Become Aware of your Thinking. When you start to feel yourself getting upset about something, take a moment to ask yourself, ‘Is getting angry or upset going to help?’ Or ‘Is this worth ruining my day over?’ If you can recognize when you’re not thinking logically about a situation, you can replace these thoughts with more rational ones.

Problem Solve. Sometimes our anger and frustration are caused by very real and inescapable problems in our lives. In these cases, use anger to find out ‘What is so wrong in my life that I feel furious, and what do I need to do to change the situation?’ By focusing on problem-solving during frustrating situations you can use anger constructively as motivation for positive change. However, it is important to recognize situations you can’t control or change. In those situations you may need to work on changing your perspective on the situation.

Communicate Effectively.

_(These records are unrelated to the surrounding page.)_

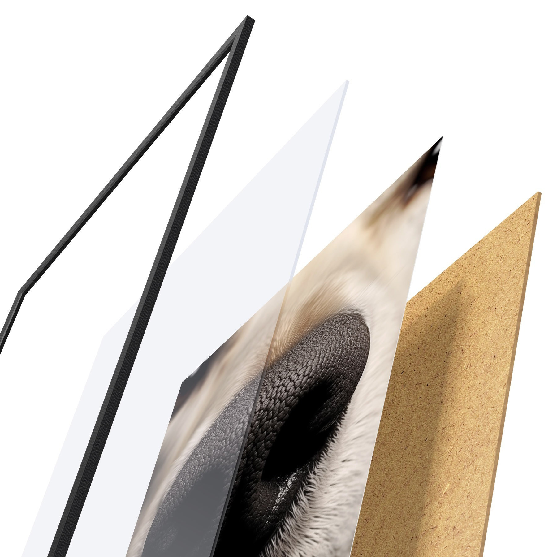 Plakatą sudaro rėmas, pleksiklas, atspausdintas vaizdas ir medžio drožlių plokštės pagrindas. Plakatą galima iš karto pakabinti ant sienos dėl kitoje pusėje esančių laikiklių.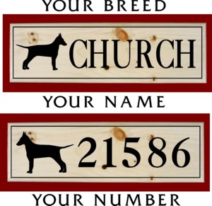 The Manchester Terrier 6" x 18"  Solid Pine Wood House Sign costs $29.95 each. with free shipping.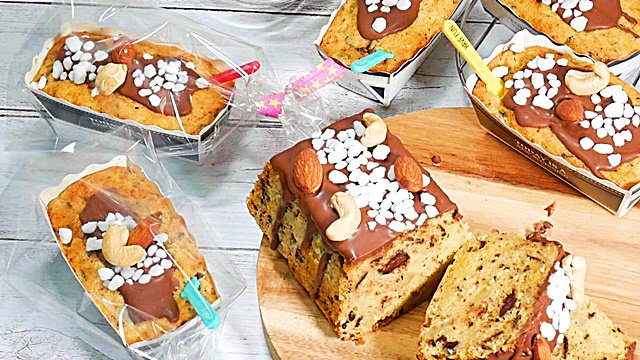 ひろまる スイーツメーカー No Twitter チョコバナナたっぷりパウンドケーキ バレンタインラッピング パウンドケーキ にバナナとチョコレートをたっぷりと入れて焼いたしっとりパウンドケーキです 100均の可愛い紙型に入れておしゃれにラッピングをすると

The key to effective communication is good listening. Try listening to what is behind the anger or source of frustration. For example, if your partner is criticizing you for coming home late from a stressful day at work, instead of responding defensively try to understand the underlying message or hurt. Perhaps your partner is feeling neglected or unloved. If you can keep cool you can prevent the situation from escalating. When we are angry we tend to jump to conclusions, often the wrong ones. Slow down and think through your response.

Take a Break. If your anger seems to be building, remove yourself from the situation for a few minutes and do something else – take a brisk walk, listen to some music or try your relaxation techniques. Your chances of resolving the situation in a productive manner greatly increase when you can approach it without feeling full of rage.